The demographic and study characteristics were extracted separately by two reviewers (R.S. and S.S.). Similarly, two reviewers (M.R.B. and D.G.F.) extracted the data pertaining to the study outcomes. Through discussion, disagreements among reviewers were resolved. The outcomes data were rate of mortality, reintervention, cardiac complication, transannular patch usage, hospital, and ICU length of stay duration. The outcomes data in the staged repair group are cumulative for both the initial palliative procedure and the subsequent complete repair.

Quality assessment

The study’s quality was independently assessed by four reviewers (P.W.B., R.S., S.S., and A.R.S.). Disagreements among the reviewers were settled through discussion. This study used the Newcastle-Ottawa Quality Assessment Scale for cohort studies, which consists of eight questions graded from zero to nine and assesses three elements of assessment: selection, comparability, and outcome. A methodological quality score of six or more was considered high quality, three to five was considered fair, and less than three was considered low quality. Reference Wells, Shea, O’Connell and Peterson6

Statistical analysis

The data were retrieved and recorded utilising Microsoft Excel. Continuous outcomes were presented in mean ± standard deviation (SD) and the mean difference (MD) with 95% confidence interval (CI) was calculated. The odds ratio (OR) with a 95% CI was utilised to assess categorical outcomes expressed as a proportion of the total participants (percentage). To assess the impact of surgical technique and study heterogeneity, the analysed data were graphically represented through forest plots. The data were analysed utilising random (significant heterogeneity) or fixed (no significant heterogeneity) effects. Statistical heterogeneity was assessed utilising the I2 statistic and the χ2 test. The I2 values of 25, 50, and 75% have been suggested to be indicators of low, moderate, and high heterogeneity, respectively. Meta-analysis was conducted utilising RevMan (RevMan) version 5.4.

Results

Study selection

The literature search results, which were obtained from EBSCOhost, MEDLINE, Embase, Scopus, Science Direct, and Sage Journal, are illustrated in Figure 1. In total, 1950 articles were retrieved from the search. Out of the 46 articles that underwent purview extraction and subsequent analysis to meet the research criteria, two were not found in full text. Case reports or correspondence comprised six articles, subjects other than neonates comprised twelve, subjects with Tetralogy of Fallot in conjunction with other cardiac abnormalities comprised seven articles, and eleven articles did not compare primary repair and staged repair. Therefore, a total of eight studies were included in this review. Reference Kanter, Kogon, Kirshbom and Carlock7Reference Meadows, Bauser-Heaton and Petit14

Figure 1. This systematic review and meta-analysis was conducted in accordance to the preferred reporting items for systematic reviews and meta-analyses flow chart. In total, 1393 articles were identified from six databases (Embase, Scopus, Science Direct, Sage Journal, EBSCOhost, MEDLINE) and eight studies were included involving 4464 subjects who met all inclusion criteria.
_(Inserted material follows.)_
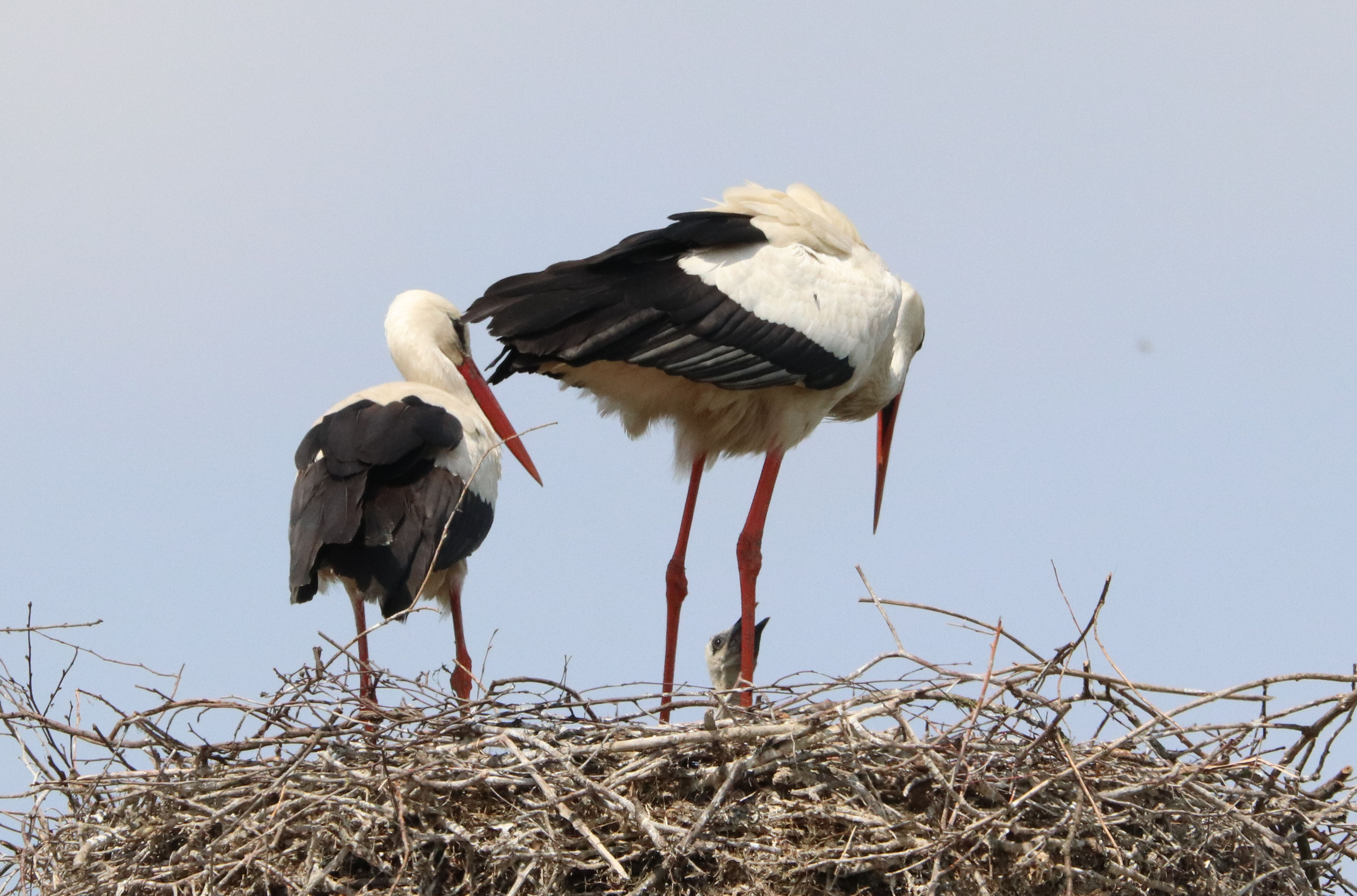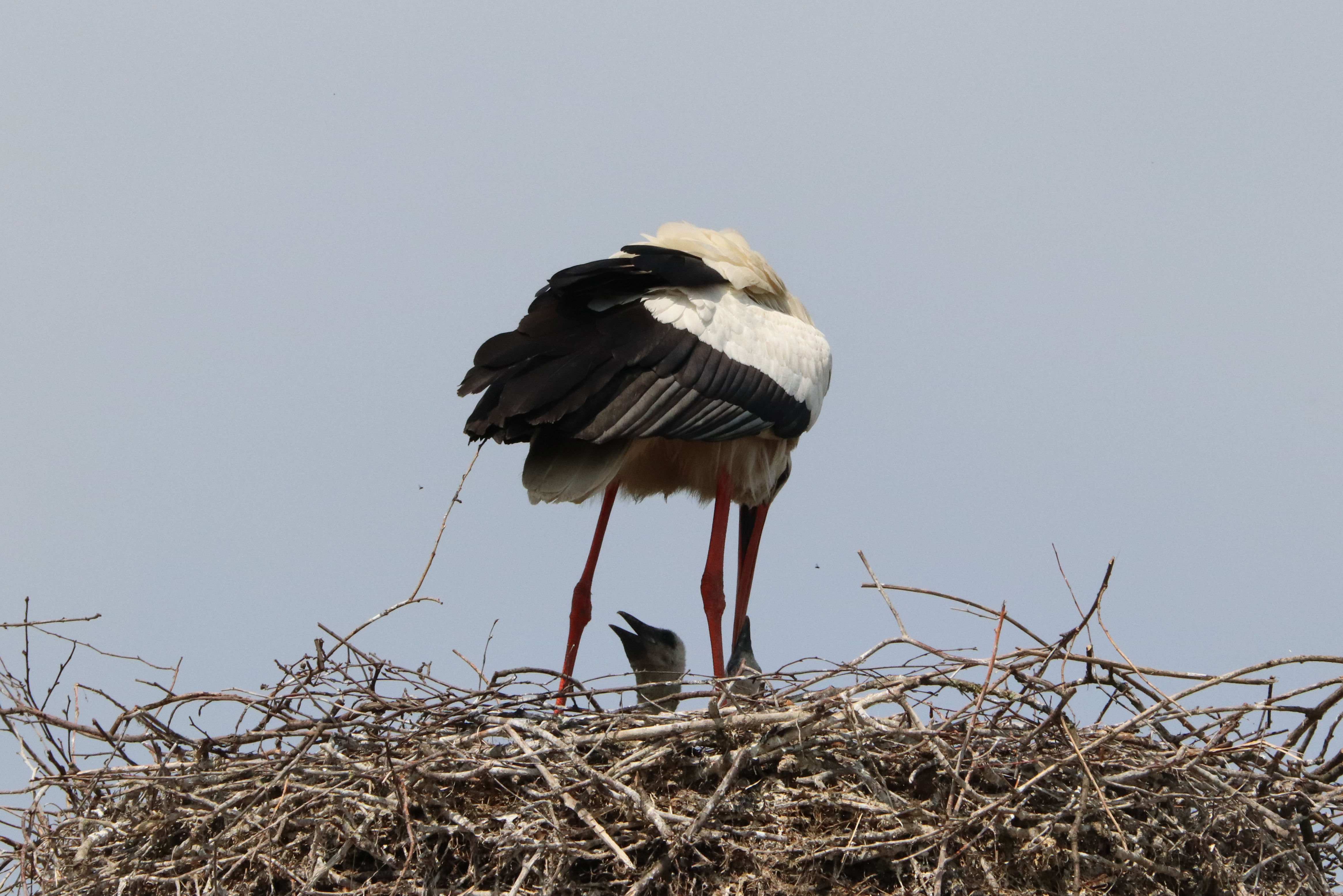 Das Störche bei Nahrungsmangel nur ein Küken großziehen, ist ganz normal. Auch das sie Jungvögel dann aus dem Nest werfen. Aber einen Jungvogel zu sehen, der in seiner Entwicklung irgendwie stehen geblieben ist, ist für mich etwas Neues. In der Natur gilt eben das Gesetz des Stärkeren. Jemand der schwach oder verletzt ist, kann meistens nicht überleben. So wird es wohl leider auch bei dem kleinen Jungvogel enden. Er wird das Nest so nicht verlassen können.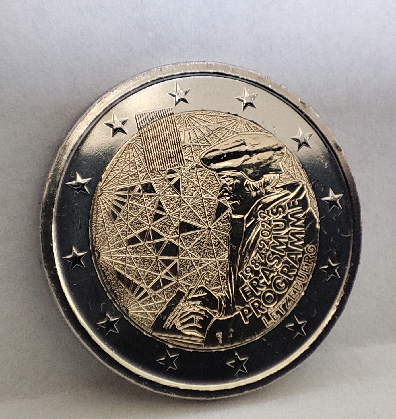 Zestaw składa się z 3 monet: 1) monety dedykowanej 50-ej rocznicy flagi Luksemburga, przedstawiającej twarz Wielkiego Księcia Henryka i flagę Luxemburga, 2) monety upamiętniającej 35-lecie programu Erasmus oraz 3) monety dedykowanej 10-ej rocznicy ślubu Wielkiego Księcia Wilhelma i Wielkiej Księżnej Stefanii.

Study and demographic characteristic

All studies were published in English with full texts and were all nonrandomised cohort retrospective studies. Six studies were multicentre studies, and two were single-centre. A total of eight studies were performed in America and involved a total of 4464 subjects. Of 4464 subjects, 2025 (45.4%) underwent primary repair, and 2439 (54.6%) underwent staged repair, which consisted of palliative at the neonatal period and complete repair later in life. Palliative strategies consisted of systemic to pulmonary shunts in all studies except Goldstein et al., Meadows et al., and O’Byrne et al., which included transcatheter procedure as palliative strategy in the staged repair group. Reference Kanter, Kogon, Kirshbom and Carlock7Reference Meadows, Bauser-Heaton and Petit14 All studies were published from 2009 to 2023 with cases collected from 2000 to 2017. The pooled mean patient age from five studies was 8.68 (±7.38) and 8.56 (±6.8) days for primary repair and staged repair, respectively. One study did not report the reintervention rate, duration of hospital, and ICU length of stay. Reference Savla, Faerber and Huang9 Two studies did not report the complication rate outcome, Reference Kanter, Kogon, Kirshbom and Carlock7,Reference Steiner, Tang and Gossett8 while three studies did not report the transannular patch usage rate outcome. Reference Steiner, Tang and Gossett8,Reference Savla, Faerber and Huang9,Reference O’Byrne, Glatz and Yuan-Shung12 The study characteristics are summarised in Table 1.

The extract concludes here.